(Stored items)
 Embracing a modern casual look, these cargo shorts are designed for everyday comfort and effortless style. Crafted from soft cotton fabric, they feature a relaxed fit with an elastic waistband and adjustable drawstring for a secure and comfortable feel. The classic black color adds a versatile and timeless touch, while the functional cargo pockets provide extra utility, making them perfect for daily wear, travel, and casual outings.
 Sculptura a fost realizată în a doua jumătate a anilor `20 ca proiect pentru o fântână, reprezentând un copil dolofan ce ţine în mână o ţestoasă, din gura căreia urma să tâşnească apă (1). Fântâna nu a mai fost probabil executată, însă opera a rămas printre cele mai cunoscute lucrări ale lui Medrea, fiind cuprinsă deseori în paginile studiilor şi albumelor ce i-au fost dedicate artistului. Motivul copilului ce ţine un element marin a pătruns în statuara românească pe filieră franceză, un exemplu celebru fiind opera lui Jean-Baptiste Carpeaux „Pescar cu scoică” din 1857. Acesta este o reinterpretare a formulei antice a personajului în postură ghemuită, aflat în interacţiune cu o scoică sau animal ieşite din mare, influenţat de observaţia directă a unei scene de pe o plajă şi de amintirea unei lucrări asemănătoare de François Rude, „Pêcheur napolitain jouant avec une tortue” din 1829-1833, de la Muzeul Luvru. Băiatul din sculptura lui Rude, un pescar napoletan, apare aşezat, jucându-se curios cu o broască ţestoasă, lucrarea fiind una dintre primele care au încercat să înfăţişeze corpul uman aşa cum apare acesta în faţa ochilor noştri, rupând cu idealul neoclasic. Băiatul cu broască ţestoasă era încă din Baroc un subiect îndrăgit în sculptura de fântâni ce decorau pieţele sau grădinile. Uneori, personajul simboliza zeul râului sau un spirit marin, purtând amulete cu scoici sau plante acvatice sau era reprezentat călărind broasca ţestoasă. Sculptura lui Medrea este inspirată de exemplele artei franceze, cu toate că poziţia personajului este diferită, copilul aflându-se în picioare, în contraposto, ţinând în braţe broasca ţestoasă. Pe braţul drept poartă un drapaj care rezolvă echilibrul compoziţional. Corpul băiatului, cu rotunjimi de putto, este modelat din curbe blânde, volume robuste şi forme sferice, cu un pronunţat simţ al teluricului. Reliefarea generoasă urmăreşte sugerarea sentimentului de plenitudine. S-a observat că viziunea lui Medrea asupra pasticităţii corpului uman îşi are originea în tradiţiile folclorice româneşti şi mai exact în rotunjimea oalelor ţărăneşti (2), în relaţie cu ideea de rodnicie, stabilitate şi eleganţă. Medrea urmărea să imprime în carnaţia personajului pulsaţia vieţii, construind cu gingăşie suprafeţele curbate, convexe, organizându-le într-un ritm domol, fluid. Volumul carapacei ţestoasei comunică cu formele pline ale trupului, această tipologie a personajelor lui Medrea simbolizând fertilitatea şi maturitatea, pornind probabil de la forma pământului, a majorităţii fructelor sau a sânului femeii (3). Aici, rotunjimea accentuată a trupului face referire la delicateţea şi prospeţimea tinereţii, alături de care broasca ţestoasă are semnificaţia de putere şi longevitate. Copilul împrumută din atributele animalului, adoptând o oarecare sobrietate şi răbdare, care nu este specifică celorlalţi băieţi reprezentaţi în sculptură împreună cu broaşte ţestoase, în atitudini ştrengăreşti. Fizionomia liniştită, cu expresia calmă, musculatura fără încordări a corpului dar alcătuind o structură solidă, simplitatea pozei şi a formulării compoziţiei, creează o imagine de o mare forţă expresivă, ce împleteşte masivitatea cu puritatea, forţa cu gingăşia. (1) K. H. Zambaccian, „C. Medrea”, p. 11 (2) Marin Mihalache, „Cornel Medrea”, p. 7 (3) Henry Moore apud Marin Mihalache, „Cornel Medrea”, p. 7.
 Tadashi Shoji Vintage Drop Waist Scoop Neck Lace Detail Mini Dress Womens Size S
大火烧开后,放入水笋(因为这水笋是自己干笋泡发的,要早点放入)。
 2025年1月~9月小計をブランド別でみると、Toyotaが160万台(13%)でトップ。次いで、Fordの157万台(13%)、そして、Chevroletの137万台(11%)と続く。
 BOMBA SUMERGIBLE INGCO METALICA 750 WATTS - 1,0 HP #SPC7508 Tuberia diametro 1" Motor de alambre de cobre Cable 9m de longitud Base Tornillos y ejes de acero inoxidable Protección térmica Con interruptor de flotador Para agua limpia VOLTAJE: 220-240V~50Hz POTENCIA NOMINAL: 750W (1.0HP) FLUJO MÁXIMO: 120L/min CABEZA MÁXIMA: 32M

* **Problem statement**
Copy all records verbatim.

* **Response area**
 Embracing a modern casual look, these cargo shorts are designed for everyday comfort and effortless style. Crafted from soft cotton fabric, they feature a relaxed fit with an elastic waistband and adjustable drawstring for a secure and comfortable feel. The classic black color adds a versatile and timeless touch, while the functional cargo pockets provide extra utility, making them perfect for daily wear, travel, and casual outings.
 Sculptura a fost realizată în a doua jumătate a anilor `20 ca proiect pentru o fântână, reprezentând un copil dolofan ce ţine în mână o ţestoasă, din gura căreia urma să tâşnească apă (1). Fântâna nu a mai fost probabil executată, însă opera a rămas printre cele mai cunoscute lucrări ale lui Medrea, fiind cuprinsă deseori în paginile studiilor şi albumelor ce i-au fost dedicate artistului. Motivul copilului ce ţine un element marin a pătruns în statuara românească pe filieră franceză, un exemplu celebru fiind opera lui Jean-Baptiste Carpeaux „Pescar cu scoică” din 1857. Acesta este o reinterpretare a formulei antice a personajului în postură ghemuită, aflat în interacţiune cu o scoică sau animal ieşite din mare, influenţat de observaţia directă a unei scene de pe o plajă şi de amintirea unei lucrări asemănătoare de François Rude, „Pêcheur napolitain jouant avec une tortue” din 1829-1833, de la Muzeul Luvru. Băiatul din sculptura lui Rude, un pescar napoletan, apare aşezat, jucându-se curios cu o broască ţestoasă, lucrarea fiind una dintre primele care au încercat să înfăţişeze corpul uman aşa cum apare acesta în faţa ochilor noştri, rupând cu idealul neoclasic. Băiatul cu broască ţestoasă era încă din Baroc un subiect îndrăgit în sculptura de fântâni ce decorau pieţele sau grădinile. Uneori, personajul simboliza zeul râului sau un spirit marin, purtând amulete cu scoici sau plante acvatice sau era reprezentat călărind broasca ţestoasă. Sculptura lui Medrea este inspirată de exemplele artei franceze, cu toate că poziţia personajului este diferită, copilul aflându-se în picioare, în contraposto, ţinând în braţe broasca ţestoasă. Pe braţul drept poartă un drapaj care rezolvă echilibrul compoziţional. Corpul băiatului, cu rotunjimi de putto, este modelat din curbe blânde, volume robuste şi forme sferice, cu un pronunţat simţ al teluricului. Reliefarea generoasă urmăreşte sugerarea sentimentului de plenitudine. S-a observat că viziunea lui Medrea asupra pasticităţii corpului uman îşi are originea în tradiţiile folclorice româneşti şi mai exact în rotunjimea oalelor ţărăneşti (2), în relaţie cu ideea de rodnicie, stabilitate şi eleganţă. Medrea urmărea să imprime în carnaţia personajului pulsaţia vieţii, construind cu gingăşie suprafeţele curbate, convexe, organizându-le într-un ritm domol, fluid. Volumul carapacei ţestoasei comunică cu formele pline ale trupului, această tipologie a personajelor lui Medrea simbolizând fertilitatea şi maturitatea, pornind probabil de la forma pământului, a majorităţii fructelor sau a sânului femeii (3). Aici, rotunjimea accentuată a trupului face referire la delicateţea şi prospeţimea tinereţii, alături de care broasca ţestoasă are semnificaţia de putere şi longevitate. Copilul împrumută din atributele animalului, adoptând o oarecare sobrietate şi răbdare, care nu este specifică celorlalţi băieţi reprezentaţi în sculptură împreună cu broaşte ţestoase, în atitudini ştrengăreşti. Fizionomia liniştită, cu expresia calmă, musculatura fără încordări a corpului dar alcătuind o structură solidă, simplitatea pozei şi a formulării compoziţiei, creează o imagine de o mare forţă expresivă, ce împleteşte masivitatea cu puritatea, forţa cu gingăşia. (1) K. H. Zambaccian, „C. Medrea”, p. 11 (2) Marin Mihalache, „Cornel Medrea”, p. 7 (3) Henry Moore apud Marin Mihalache, „Cornel Medrea”, p. 7.
 Tadashi Shoji Vintage Drop Waist Scoop Neck Lace Detail Mini Dress Womens Size S
大火烧开后,放入水笋(因为这水笋是自己干笋泡发的,要早点放入)。
 2025年1月~9月小計をブランド別でみると、Toyotaが160万台(13%)でトップ。次いで、Fordの157万台(13%)、そして、Chevroletの137万台(11%)と続く。
 BOMBA SUMERGIBLE INGCO METALICA 750 WATTS - 1,0 HP #SPC7508 Tuberia diametro 1" Motor de alambre de cobre Cable 9m de longitud Base Tornillos y ejes de acero inoxidable Protección térmica Con interruptor de flotador Para agua limpia VOLTAJE: 220-240V~50Hz POTENCIA NOMINAL: 750W (1.0HP) FLUJO MÁXIMO: 120L/min CABEZA MÁXIMA: 32M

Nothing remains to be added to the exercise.